1892 Rare Book Set - Les Miserables by Victor Hugo Complete in Five Volumes
Author: Victor Hugo.
Title: Les Misérables (Complete in Five Volumes: I. Fantine, II. Cosette, III. Marius, IV. The Idyll and the Epic, V. Jean Valjean).
Publisher: Boston, Little, Brown, and Company, 1892.
Language: Text in English.
Size: 7.5 X 5 inches.
Pages: Complete in five volumes; each volume individually paginated (444, 413, 377, 522, 442 pages).
Binding: Attractive and very good publisher’s original patterned cloth bindings in pale red and olive, with gilt titles and decorative spine panels. The bindings are beautifully preserved with only light rubbing to extremities, minor bumping to corners, and some gentle fading to spines; overall tight and square (hinges fine, overall slightly worn and scuffed - as shown) under a protective removable mylar cover.
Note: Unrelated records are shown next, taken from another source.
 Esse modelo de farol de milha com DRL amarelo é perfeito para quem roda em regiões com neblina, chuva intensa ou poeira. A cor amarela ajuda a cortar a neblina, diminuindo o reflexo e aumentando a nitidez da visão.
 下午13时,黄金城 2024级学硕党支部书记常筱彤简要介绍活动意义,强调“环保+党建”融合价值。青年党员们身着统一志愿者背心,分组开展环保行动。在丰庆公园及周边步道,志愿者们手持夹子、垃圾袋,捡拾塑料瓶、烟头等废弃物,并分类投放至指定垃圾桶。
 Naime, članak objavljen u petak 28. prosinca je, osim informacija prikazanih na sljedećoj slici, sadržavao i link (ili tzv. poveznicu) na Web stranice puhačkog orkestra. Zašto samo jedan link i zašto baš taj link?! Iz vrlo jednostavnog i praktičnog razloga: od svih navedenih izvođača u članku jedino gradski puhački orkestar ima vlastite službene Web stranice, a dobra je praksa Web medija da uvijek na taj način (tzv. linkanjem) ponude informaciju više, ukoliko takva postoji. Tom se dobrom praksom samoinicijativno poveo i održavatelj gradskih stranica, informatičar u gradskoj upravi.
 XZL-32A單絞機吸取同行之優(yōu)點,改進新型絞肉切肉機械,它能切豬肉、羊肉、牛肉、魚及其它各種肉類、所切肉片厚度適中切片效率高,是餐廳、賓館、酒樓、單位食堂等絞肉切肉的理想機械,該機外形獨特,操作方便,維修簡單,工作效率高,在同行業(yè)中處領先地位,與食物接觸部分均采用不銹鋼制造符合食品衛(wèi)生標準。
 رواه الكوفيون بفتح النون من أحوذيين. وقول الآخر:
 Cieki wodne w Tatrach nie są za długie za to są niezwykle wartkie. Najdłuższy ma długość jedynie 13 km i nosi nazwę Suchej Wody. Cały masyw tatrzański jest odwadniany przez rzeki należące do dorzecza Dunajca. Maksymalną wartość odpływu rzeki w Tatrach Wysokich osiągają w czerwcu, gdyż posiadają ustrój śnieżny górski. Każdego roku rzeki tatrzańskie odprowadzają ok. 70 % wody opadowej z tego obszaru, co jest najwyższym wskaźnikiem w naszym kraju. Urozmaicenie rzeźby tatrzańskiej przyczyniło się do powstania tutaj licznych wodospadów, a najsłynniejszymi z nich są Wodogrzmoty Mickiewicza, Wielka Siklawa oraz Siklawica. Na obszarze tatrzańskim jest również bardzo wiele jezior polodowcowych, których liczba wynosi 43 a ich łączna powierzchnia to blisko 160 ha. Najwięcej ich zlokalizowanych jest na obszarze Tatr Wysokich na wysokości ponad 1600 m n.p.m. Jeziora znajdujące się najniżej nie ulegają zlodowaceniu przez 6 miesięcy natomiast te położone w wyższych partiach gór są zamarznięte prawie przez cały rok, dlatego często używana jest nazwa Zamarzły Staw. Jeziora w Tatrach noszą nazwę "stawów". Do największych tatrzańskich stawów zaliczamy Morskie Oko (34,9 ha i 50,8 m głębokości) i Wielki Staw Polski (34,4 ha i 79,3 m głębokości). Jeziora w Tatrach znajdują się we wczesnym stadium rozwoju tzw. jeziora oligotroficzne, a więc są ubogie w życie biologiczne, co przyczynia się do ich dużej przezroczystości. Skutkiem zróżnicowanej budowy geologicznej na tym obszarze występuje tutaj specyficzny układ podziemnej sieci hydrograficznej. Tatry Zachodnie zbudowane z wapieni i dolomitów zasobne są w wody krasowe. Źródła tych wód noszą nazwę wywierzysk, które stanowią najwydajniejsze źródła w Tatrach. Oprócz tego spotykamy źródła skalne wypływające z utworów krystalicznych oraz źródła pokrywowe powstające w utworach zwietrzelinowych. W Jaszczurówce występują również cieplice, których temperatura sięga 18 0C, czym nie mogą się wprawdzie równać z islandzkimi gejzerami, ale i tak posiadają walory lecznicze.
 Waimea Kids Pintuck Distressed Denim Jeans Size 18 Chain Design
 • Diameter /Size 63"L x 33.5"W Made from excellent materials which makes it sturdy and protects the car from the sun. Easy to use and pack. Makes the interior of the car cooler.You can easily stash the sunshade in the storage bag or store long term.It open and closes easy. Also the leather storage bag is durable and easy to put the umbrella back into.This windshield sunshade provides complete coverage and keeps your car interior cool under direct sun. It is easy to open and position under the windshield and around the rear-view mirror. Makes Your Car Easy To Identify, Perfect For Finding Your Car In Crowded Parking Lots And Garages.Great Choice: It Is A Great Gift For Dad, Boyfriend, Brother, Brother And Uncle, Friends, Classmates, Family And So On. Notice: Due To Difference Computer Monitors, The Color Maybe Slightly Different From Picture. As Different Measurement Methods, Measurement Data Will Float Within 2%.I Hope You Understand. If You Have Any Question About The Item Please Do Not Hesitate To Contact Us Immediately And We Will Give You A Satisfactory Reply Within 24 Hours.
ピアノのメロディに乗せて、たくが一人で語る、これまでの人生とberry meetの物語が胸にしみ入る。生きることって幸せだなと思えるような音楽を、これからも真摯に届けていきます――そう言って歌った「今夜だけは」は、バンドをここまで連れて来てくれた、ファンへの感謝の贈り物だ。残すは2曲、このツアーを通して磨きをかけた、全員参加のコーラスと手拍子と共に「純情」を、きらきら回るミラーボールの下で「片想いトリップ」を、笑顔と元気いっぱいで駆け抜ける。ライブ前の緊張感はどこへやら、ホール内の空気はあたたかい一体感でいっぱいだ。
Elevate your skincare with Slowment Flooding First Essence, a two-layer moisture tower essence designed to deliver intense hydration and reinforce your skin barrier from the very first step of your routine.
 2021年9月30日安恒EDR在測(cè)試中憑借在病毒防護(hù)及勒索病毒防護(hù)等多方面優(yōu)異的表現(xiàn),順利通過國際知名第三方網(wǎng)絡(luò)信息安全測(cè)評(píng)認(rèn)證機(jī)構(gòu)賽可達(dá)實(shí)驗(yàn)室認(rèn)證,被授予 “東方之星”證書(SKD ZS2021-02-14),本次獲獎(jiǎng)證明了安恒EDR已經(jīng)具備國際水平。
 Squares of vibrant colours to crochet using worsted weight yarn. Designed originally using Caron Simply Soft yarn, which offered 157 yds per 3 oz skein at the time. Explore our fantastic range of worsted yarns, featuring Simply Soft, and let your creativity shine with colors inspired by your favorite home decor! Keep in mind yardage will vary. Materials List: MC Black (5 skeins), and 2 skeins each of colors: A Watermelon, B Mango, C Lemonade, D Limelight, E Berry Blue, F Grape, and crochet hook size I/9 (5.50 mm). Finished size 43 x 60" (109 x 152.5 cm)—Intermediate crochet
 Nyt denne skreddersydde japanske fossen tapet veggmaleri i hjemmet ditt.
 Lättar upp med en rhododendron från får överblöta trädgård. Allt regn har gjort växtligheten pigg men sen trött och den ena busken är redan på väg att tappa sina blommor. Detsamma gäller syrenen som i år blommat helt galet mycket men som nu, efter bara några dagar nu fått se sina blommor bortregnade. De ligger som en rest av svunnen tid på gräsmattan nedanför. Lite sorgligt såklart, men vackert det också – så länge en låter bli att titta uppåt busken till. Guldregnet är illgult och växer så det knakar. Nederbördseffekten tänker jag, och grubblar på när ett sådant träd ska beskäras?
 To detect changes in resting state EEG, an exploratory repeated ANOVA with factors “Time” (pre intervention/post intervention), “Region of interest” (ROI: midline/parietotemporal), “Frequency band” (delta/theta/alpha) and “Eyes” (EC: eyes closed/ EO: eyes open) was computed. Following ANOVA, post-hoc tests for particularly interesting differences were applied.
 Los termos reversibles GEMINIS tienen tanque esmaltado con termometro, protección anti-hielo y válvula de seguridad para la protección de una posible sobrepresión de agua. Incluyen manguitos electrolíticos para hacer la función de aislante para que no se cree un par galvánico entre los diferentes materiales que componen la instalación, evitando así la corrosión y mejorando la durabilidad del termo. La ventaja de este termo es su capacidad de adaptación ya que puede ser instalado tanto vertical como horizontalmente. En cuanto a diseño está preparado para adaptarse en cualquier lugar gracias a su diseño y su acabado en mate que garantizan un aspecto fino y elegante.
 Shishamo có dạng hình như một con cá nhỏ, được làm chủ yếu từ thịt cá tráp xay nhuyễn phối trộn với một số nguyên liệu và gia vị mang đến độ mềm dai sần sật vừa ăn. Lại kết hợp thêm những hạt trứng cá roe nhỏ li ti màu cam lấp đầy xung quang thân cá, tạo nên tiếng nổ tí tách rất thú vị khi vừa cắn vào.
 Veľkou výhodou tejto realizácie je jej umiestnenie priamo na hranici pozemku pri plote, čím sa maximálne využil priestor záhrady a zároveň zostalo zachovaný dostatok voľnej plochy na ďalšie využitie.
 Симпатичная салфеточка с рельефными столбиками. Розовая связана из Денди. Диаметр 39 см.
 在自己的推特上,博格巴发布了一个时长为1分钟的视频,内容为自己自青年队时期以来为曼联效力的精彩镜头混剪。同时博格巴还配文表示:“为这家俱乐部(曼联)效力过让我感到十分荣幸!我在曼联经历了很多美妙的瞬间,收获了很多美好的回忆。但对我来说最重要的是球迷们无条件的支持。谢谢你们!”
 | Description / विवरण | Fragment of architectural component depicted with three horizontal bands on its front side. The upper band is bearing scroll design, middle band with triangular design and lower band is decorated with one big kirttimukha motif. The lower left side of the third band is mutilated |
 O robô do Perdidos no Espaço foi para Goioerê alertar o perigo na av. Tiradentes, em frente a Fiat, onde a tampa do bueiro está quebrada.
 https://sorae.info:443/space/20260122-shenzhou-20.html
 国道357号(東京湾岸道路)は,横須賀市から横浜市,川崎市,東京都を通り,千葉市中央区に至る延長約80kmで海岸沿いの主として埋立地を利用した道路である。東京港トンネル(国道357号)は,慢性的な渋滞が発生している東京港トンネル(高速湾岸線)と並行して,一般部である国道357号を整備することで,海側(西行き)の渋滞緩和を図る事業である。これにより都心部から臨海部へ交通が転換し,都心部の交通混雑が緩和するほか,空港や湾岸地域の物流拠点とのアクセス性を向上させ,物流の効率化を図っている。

Content: Very good content (bright, tight and clean, rare light foxing - as shown). A lovely set with a notably clean interior.
Illustrations: With five engraved frontispieces, including portraits of key characters (Fantine, Cosette, Marius, Gavroche, Valjean) and a frontispiece portrait of Victor Hugo. All illustrations present and well preserved, with original tissue guards.
Estimate: (USD 350–500).
The book: This is an elegant 1892 five-volume English edition of Victor Hugo’s masterpiece, Les Misérables, presented in a refined and highly decorative Little, Brown & Co. library edition. This set reflects the enduring popularity of Hugo’s sweeping historical novel, which explores justice, redemption, love, and revolution in 19th-century France. With its handsome bindings and sharp illustrations, this edition was clearly intended as a prestigious set for collectors or refined readers of the time, bringing the timeless power of Hugo’s prose into English-speaking households.
The author: Victor Hugo (1802–1885), one of the greatest figures of French literature, was a poet, novelist, and dramatist whose works left an indelible mark on Romanticism. Best known for Les Misérables and The Hunchback of Notre-Dame, Hugo’s writings combined social criticism with deep humanism, passionately advocating for the marginalized. His literary achievements were matched by his political activism, making him a symbol of both artistic genius and moral conscience in 19th-century Europe.